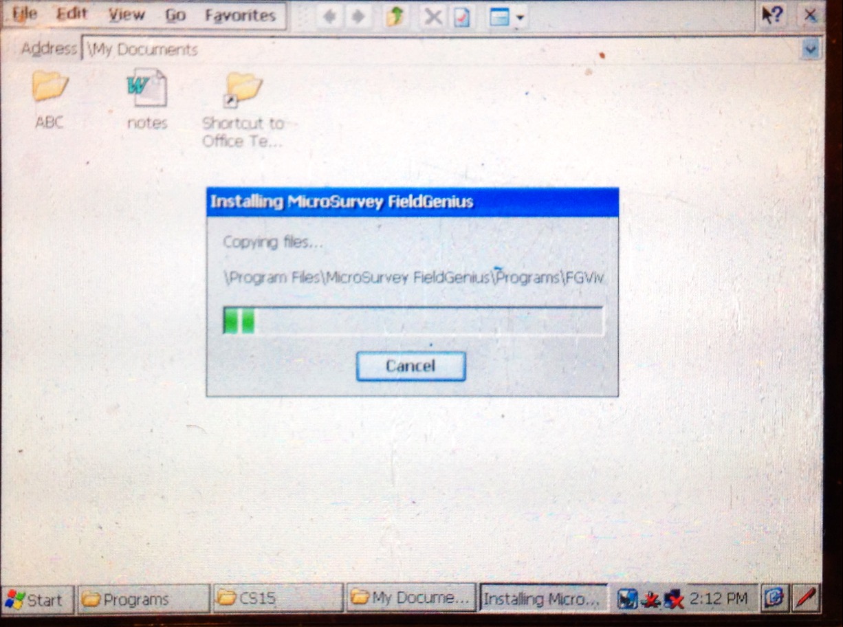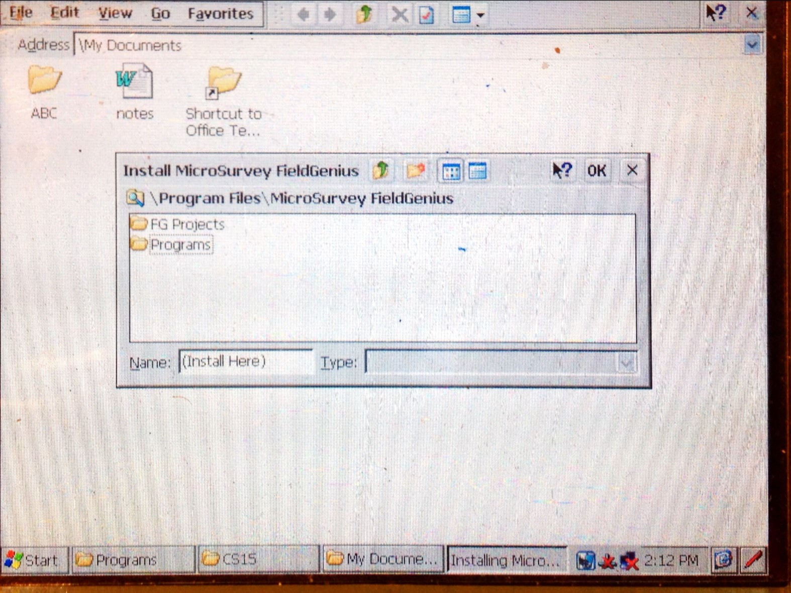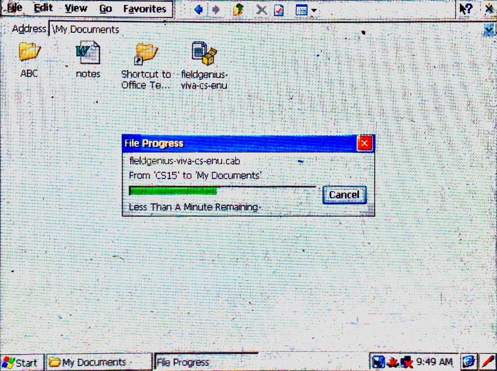 Copy and Paste the Cab file on the hard drive of the data collector. In this example we simply inserted it into My Documents.
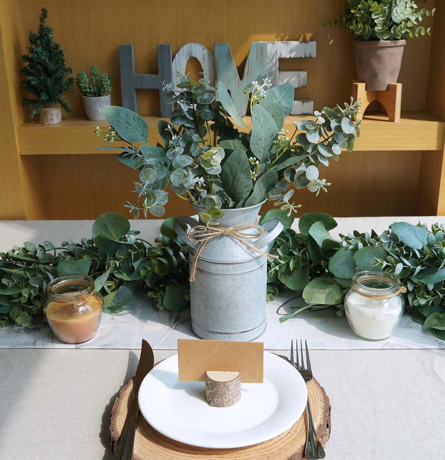 Materials: Blended fake eucalyptus leaves sprays are fabricated from silk and plastic. The plastic stems are wired so you may twist them into any form you need. Farmhouse milk vase is fabricated from galvanized metallic. It is light-weight for straightforward show and durable sufficient to help the vegetation. No watering or extra upkeep is required, fake eucalyptus stems in milk vase will all the time add a vibrant ambiance to your house in any season.
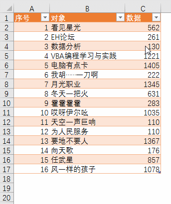 不管提升、删掉還是掩藏纪录行,编号都自动升级~是否有点儿小酷炫呢?
________
▶ **About this exercise**: Reproduce the listing word for word, but keep the pictures out of it.

▶ **Result below**:
 Copy and Paste the Cab file on the hard drive of the data collector. In this example we simply inserted it into My Documents.
 Materials: Blended fake eucalyptus leaves sprays are fabricated from silk and plastic. The plastic stems are wired so you may twist them into any form you need. Farmhouse milk vase is fabricated from galvanized metallic. It is light-weight for straightforward show and durable sufficient to help the vegetation. No watering or extra upkeep is required, fake eucalyptus stems in milk vase will all the time add a vibrant ambiance to your house in any season.
 不管提升、删掉還是掩藏纪录行,编号都自动升级~是否有点儿小酷炫呢?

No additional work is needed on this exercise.